## What you will do
Using the records below, quote only the span that opens with the line containing "한강 위로 노을이 물들고, 멀리" and closes with the line containing "Galeon est un", exactly and inclusively.

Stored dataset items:

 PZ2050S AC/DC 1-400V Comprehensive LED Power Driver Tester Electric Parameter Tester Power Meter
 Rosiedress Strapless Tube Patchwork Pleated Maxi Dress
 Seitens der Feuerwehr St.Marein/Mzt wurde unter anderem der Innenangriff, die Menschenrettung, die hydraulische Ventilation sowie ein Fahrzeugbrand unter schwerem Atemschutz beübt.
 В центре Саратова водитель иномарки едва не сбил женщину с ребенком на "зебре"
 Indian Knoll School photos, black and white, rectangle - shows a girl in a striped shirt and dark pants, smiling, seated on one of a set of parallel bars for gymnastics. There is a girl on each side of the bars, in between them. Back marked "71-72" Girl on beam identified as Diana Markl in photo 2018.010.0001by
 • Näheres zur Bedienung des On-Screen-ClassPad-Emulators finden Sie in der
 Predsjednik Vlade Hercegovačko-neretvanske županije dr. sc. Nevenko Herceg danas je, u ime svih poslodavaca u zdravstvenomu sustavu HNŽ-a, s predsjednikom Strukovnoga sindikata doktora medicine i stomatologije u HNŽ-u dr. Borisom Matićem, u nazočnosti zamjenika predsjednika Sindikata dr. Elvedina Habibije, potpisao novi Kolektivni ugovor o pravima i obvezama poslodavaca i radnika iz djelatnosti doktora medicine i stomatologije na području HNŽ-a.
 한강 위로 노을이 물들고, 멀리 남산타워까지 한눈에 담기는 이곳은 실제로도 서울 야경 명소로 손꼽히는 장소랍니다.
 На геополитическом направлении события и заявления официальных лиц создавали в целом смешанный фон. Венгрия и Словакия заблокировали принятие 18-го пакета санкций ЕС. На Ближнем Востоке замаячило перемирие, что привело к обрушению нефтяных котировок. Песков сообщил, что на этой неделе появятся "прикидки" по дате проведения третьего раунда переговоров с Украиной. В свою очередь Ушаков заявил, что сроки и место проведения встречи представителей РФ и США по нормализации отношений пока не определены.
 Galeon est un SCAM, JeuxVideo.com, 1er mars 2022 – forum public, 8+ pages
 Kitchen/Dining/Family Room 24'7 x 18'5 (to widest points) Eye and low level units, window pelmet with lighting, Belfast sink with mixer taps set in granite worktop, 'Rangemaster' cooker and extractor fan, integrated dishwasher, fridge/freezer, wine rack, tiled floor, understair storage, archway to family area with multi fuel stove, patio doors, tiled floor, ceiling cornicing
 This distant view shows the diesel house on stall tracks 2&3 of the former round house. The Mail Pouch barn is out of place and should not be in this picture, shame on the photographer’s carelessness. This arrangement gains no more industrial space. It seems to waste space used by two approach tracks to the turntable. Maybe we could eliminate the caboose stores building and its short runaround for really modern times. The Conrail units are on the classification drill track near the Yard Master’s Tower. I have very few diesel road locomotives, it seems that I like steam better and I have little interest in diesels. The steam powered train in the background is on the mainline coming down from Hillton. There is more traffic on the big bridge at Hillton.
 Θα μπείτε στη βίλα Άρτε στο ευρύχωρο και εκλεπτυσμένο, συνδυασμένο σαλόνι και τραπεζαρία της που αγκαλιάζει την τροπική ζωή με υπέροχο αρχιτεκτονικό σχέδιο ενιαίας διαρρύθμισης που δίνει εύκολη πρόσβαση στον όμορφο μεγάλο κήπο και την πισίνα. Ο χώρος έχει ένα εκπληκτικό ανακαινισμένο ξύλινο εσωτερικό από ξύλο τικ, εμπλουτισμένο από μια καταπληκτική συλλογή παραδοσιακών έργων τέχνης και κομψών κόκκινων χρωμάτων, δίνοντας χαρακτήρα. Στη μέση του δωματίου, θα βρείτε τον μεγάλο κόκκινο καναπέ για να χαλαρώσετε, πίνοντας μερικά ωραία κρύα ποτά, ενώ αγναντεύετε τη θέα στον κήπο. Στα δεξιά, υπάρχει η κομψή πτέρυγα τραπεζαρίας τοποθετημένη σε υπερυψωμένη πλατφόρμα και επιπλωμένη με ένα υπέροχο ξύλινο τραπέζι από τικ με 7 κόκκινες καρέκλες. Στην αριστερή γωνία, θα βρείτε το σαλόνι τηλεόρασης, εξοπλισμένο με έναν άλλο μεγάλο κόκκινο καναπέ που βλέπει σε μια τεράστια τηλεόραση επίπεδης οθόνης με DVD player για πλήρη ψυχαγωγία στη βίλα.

## Answer section
 한강 위로 노을이 물들고, 멀리 남산타워까지 한눈에 담기는 이곳은 실제로도 서울 야경 명소로 손꼽히는 장소랍니다.
 На геополитическом направлении события и заявления официальных лиц создавали в целом смешанный фон. Венгрия и Словакия заблокировали принятие 18-го пакета санкций ЕС. На Ближнем Востоке замаячило перемирие, что привело к обрушению нефтяных котировок. Песков сообщил, что на этой неделе появятся "прикидки" по дате проведения третьего раунда переговоров с Украиной. В свою очередь Ушаков заявил, что сроки и место проведения встречи представителей РФ и США по нормализации отношений пока не определены.
 Galeon est un SCAM, JeuxVideo.com, 1er mars 2022 – forum public, 8+ pages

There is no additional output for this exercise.